The Shanghai Prosolar Resources Development Co., Ltd (SHSE:600193) share price has fared very poorly over the last month, falling by a substantial 27%. For any long-term shareholders, the last month ends a year to forget by locking in a 52% share price decline.
Even after such a large drop in price, given around half the companies in China's Metals and Mining industry have price-to-sales ratios (or "P/S") below 1.1x, you may still consider Shanghai Prosolar Resources Development as a stock to avoid entirely with its 11.6x P/S ratio. However, the P/S might be quite high for a reason and it requires further investigation to determine if it's justified.
How Has Shanghai Prosolar Resources Development Performed Recently?
As an illustration, revenue has deteriorated at Shanghai Prosolar Resources Development over the last year, which is not ideal at all. Perhaps the market believes the company can do enough to outperform the rest of the industry in the near future, which is keeping the P/S ratio high. You'd really hope so, otherwise you're paying a pretty hefty price for no particular reason.
Although there are no analyst estimates available for Shanghai Prosolar Resources Development, take a look at this free data-rich visualisation to see how the company stacks up on earnings, revenue and cash flow.
How Is Shanghai Prosolar Resources Development's Revenue Growth Trending?
Shanghai Prosolar Resources Development's P/S ratio would be typical for a company that's expected to deliver very strong growth, and importantly, perform much better than the industry.
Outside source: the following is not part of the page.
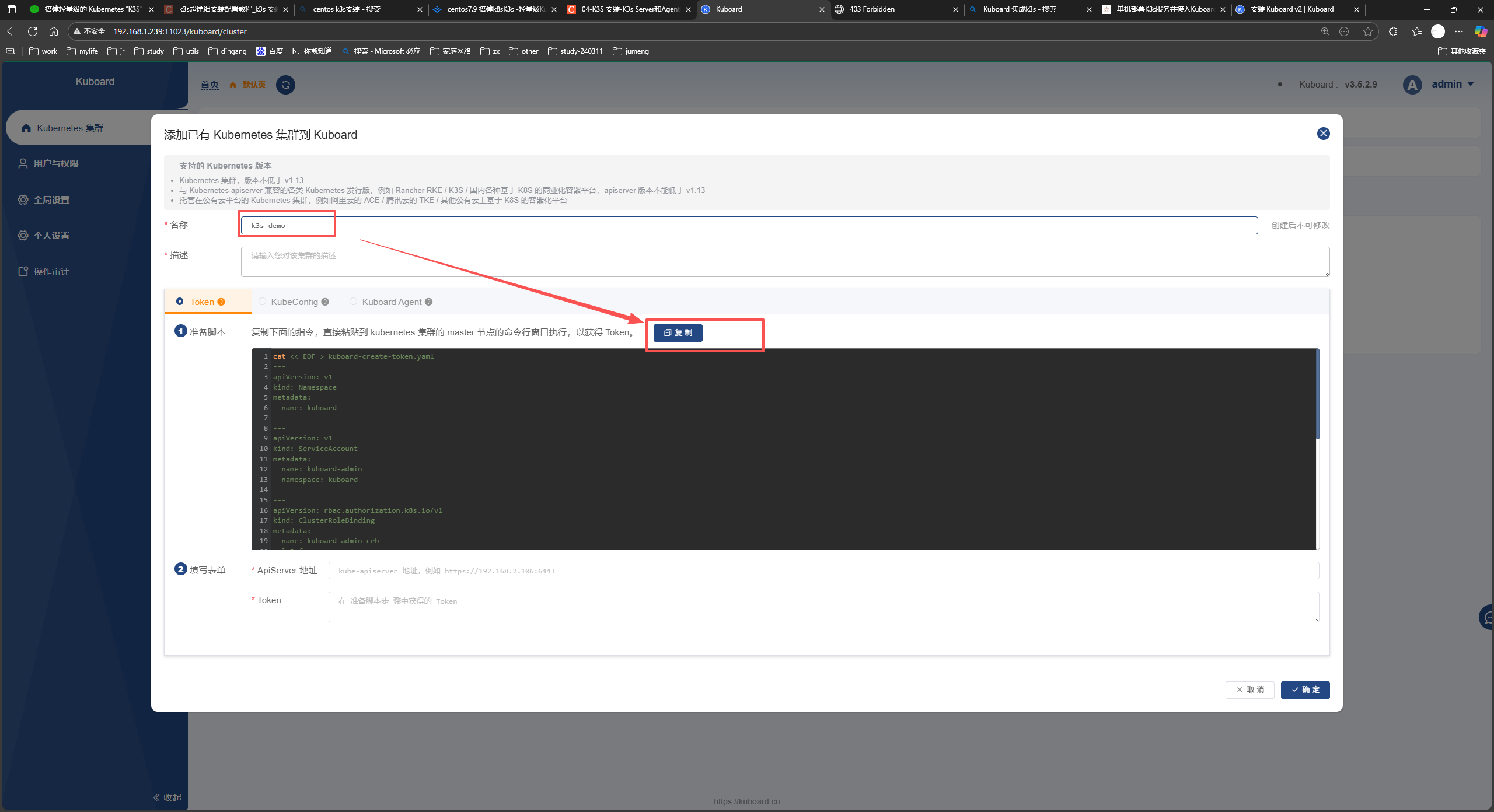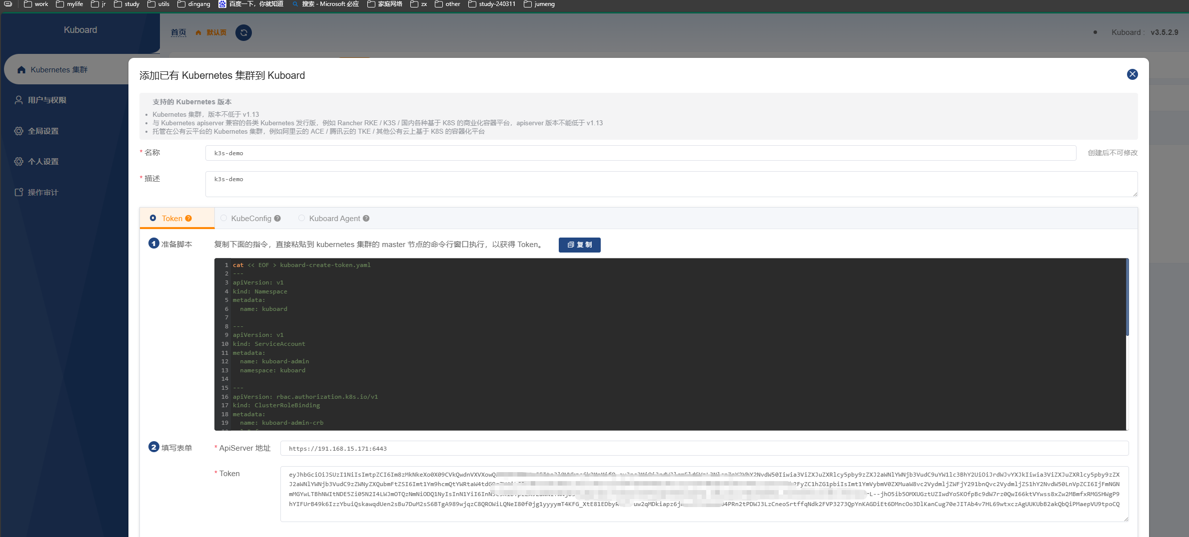 kubectl apply -f kuboard-create-token.yaml
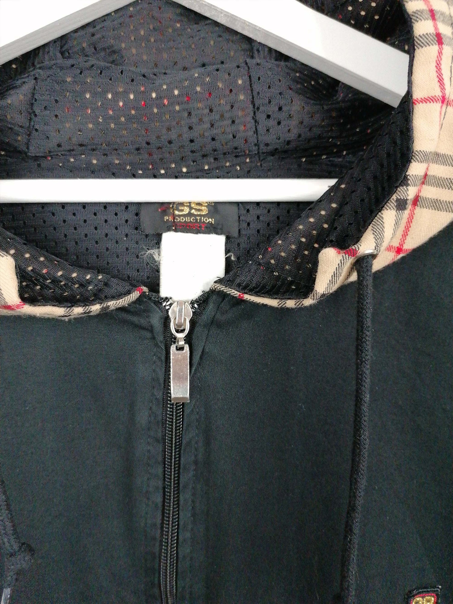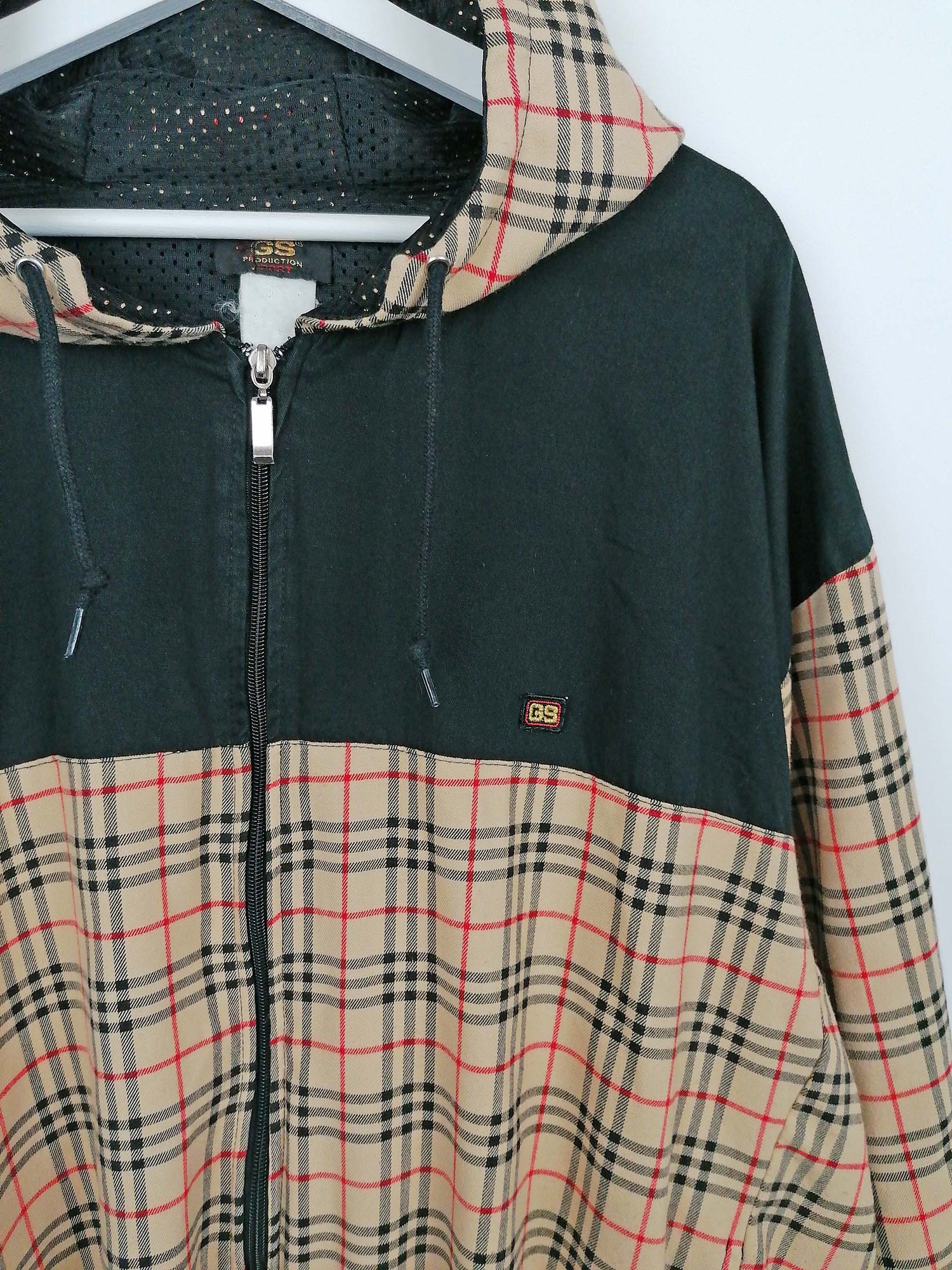 Vintage 90's GS Production Sport lightweight bomber jacket, plaid pattern. Elastic knit cuffs and bottom, adjustable hood.

Taking a look back first, the company's revenue growth last year wasn't something to get excited about as it posted a disappointing decline of 58%. As a result, revenue from three years ago have also fallen 92% overall. So unfortunately, we have to acknowledge that the company has not done a great job of growing revenue over that time.
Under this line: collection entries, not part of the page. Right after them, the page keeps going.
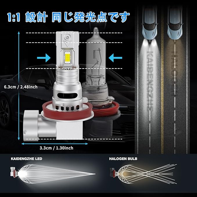 【より明るく安全な道路視認性】夜間の運転をより安全に。KaiDengZhe H8 LEDは、精密な360 ビーム(1:1ハロゲン設計と超薄型銅板)により、最大400%優れた道路視認性を実現します。暗闇のスポットや他者を眩惑する散乱光なし——ただクリアで集中した照明を提供します。
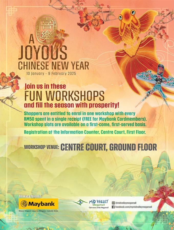 "喜樂" A Joyous Chinese New Year 2025 will fill your heart with springtime joy! Colourful, hand painted Chinese kites soar above the bustling activity. The vibrant atmosphere sets the stage for exclusive Chinese New Year promotions, gift redemptions, live performances and special workshops. Send festive greetings at our Spring Calligraphy Station or make a heartfelt donation to spread the blessings of spring––it’s all about enjoying and sharing happiness with one another this festive season. Join us here for a buoyant start to the Year of the Snake!
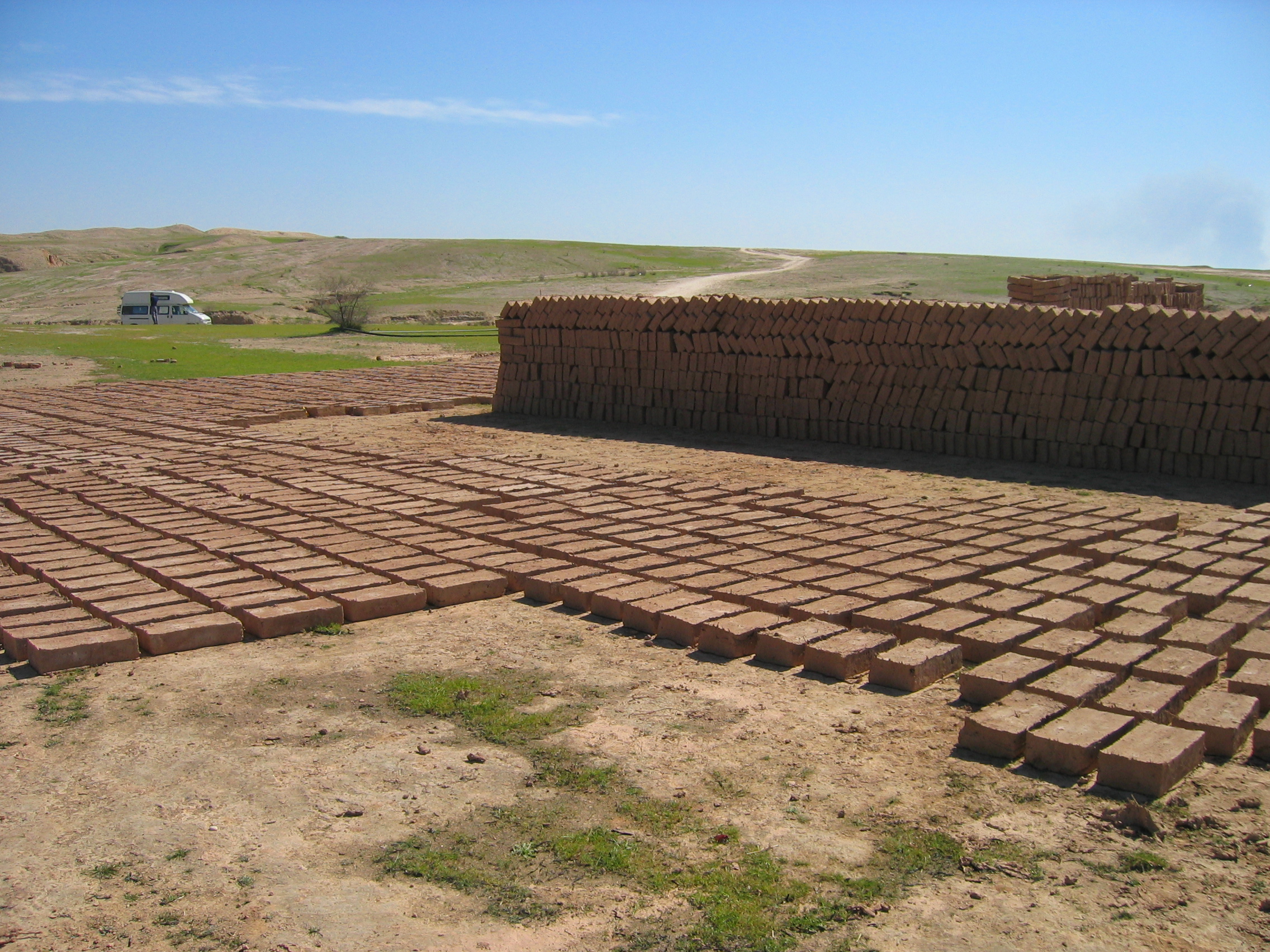 Ladrillos puestos a secar para la restauración del Zigurat de Chogha Zambil, Irán

Comparing that to the industry, which is predicted to deliver 13% growth in the next 12 months, the company's downward momentum based on recent medium-term revenue results is a sobering picture.
With this information, we find it concerning that Shanghai Prosolar Resources Development is trading at a P/S higher than the industry. It seems most investors are ignoring the recent poor growth rate and are hoping for a turnaround in the company's business prospects. Only the boldest would assume these prices are sustainable as a continuation of recent revenue trends is likely to weigh heavily on the share price eventually.
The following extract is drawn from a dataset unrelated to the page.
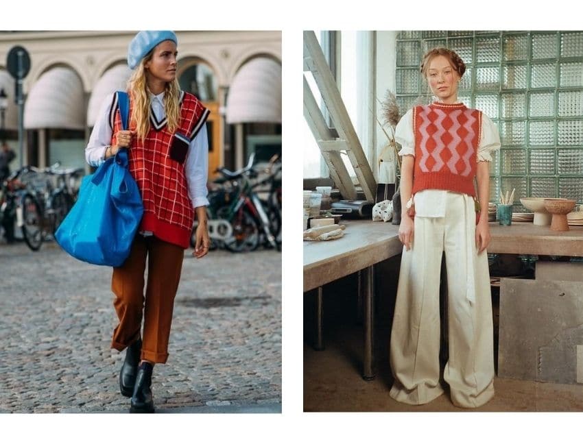 Скандинавский стиль в одежде сложно представить без жилетки, которая всегда была основой образа, а уже потом перешла на мировые подиумы. С помощью этого элемента гардероба можно создавать неординарные многослойные луки. Приобретайте вязаную вещь объемного кроя или с интересным рисунком. Комбинируем с брюками любого фасона и цвета. Под жилетку надеваем блузы и рубашки, водолазки и майки.

The Bottom Line On Shanghai Prosolar Resources Development's P/S
Shanghai Prosolar Resources Development's shares may have suffered, but its P/S remains high. While the price-to-sales ratio shouldn't be the defining factor in whether you buy a stock or not, it's quite a capable barometer of revenue expectations.
We've established that Shanghai Prosolar Resources Development currently trades on a much higher than expected P/S since its recent revenues have been in decline over the medium-term. When we see revenue heading backwards and underperforming the industry forecasts, we feel the possibility of the share price declining is very real, bringing the P/S back into the realm of reasonability. If recent medium-term revenue trends continue, it will place shareholders' investments at significant risk and potential investors in danger of paying an excessive premium.
It is also worth noting that we have found 2 warning signs for Shanghai Prosolar Resources Development (1 is a bit concerning!) that you need to take into consideration.
If these risks are making you reconsider your opinion on Shanghai Prosolar Resources Development, explore our interactive list of high quality stocks to get an idea of what else is out there.